**WORK REQUEST:** Could you repeat the whole listing below exactly, omitting any picture it holds?

**DATASET EXTRACT:**
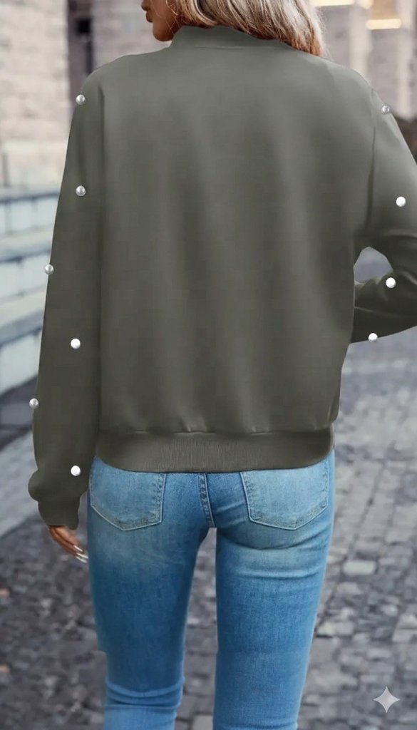 Kadın Uzun Kollu önden Fermuarlı Incili Kısa Modal Ceket
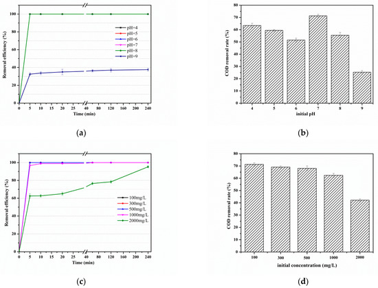 In the heterogeneous Fenton-like reaction, the operating conditions affect the degradation efficiency of organic pollutants [51,52]. Firstly, the effect of the initial pH of the solution on the phenol removal over the ZVI/Mn-C-31 catalyst is shown in Figure 7a,b. No obvious difference existed for phenol removal over the extended pH range from 4 to 8, and the phenol was completely removed in 5 min. Notably, ZVI/Mn-C-31 exhibited a superior catalytic performance at pH = 7, and the conversion of COD was nearly 70% within 240 min. However, it was observed that the removal efficiency of phenol decreased greatly at an initial pH = 9. The inactivation was due to the decomposition of H2O2 at alkaline conditions, which would seriously reduce the utilization of free radicals [52]. This illustrated that free radicals may be formed by the introduction of Mn, which enabled the ZVI/Mn-C-31 to have excellent catalytic performance in a wide pH range.
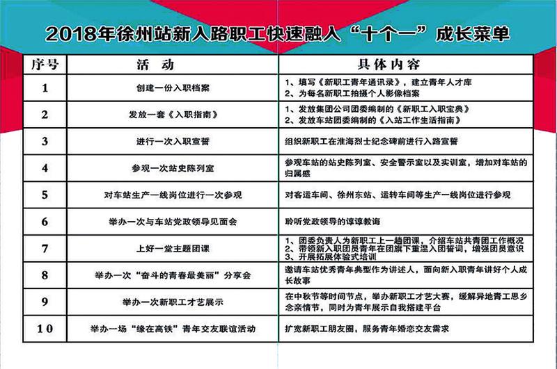 为帮助新入路职工尽快转换角色,徐州站党委制订“十个一”快速融入成长菜单,按照入路后的时间节点,为新职人员安排10项富有教育意义的活动,如拍摄个人影像视频档案、进行一次入职宣誓、参观一次站史陈列室、上好一堂主题团课、举办一次新职工才艺展示等。为缓解异地青工思乡念亲的情绪,还将在中秋节等时间节点,举办一次新职工才艺大赛、一场“缘在高铁”青年交友联谊活动,为青年展示自我搭建平台,拓宽职场朋友圈。
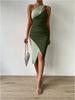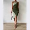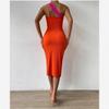 Vestido largo sexy de verano 2024 con tirantes y costuras de colores, elegante, irregular, de algodón, de cintura alta para mujer

**ANSWER TO THIS TASK:**
 Kadın Uzun Kollu önden Fermuarlı Incili Kısa Modal Ceket
 In the heterogeneous Fenton-like reaction, the operating conditions affect the degradation efficiency of organic pollutants [51,52]. Firstly, the effect of the initial pH of the solution on the phenol removal over the ZVI/Mn-C-31 catalyst is shown in Figure 7a,b. No obvious difference existed for phenol removal over the extended pH range from 4 to 8, and the phenol was completely removed in 5 min. Notably, ZVI/Mn-C-31 exhibited a superior catalytic performance at pH = 7, and the conversion of COD was nearly 70% within 240 min. However, it was observed that the removal efficiency of phenol decreased greatly at an initial pH = 9. The inactivation was due to the decomposition of H2O2 at alkaline conditions, which would seriously reduce the utilization of free radicals [52]. This illustrated that free radicals may be formed by the introduction of Mn, which enabled the ZVI/Mn-C-31 to have excellent catalytic performance in a wide pH range.
 为帮助新入路职工尽快转换角色,徐州站党委制订“十个一”快速融入成长菜单,按照入路后的时间节点,为新职人员安排10项富有教育意义的活动,如拍摄个人影像视频档案、进行一次入职宣誓、参观一次站史陈列室、上好一堂主题团课、举办一次新职工才艺展示等。为缓解异地青工思乡念亲的情绪,还将在中秋节等时间节点,举办一次新职工才艺大赛、一场“缘在高铁”青年交友联谊活动,为青年展示自我搭建平台,拓宽职场朋友圈。
 Vestido largo sexy de verano 2024 con tirantes y costuras de colores, elegante, irregular, de algodón, de cintura alta para mujer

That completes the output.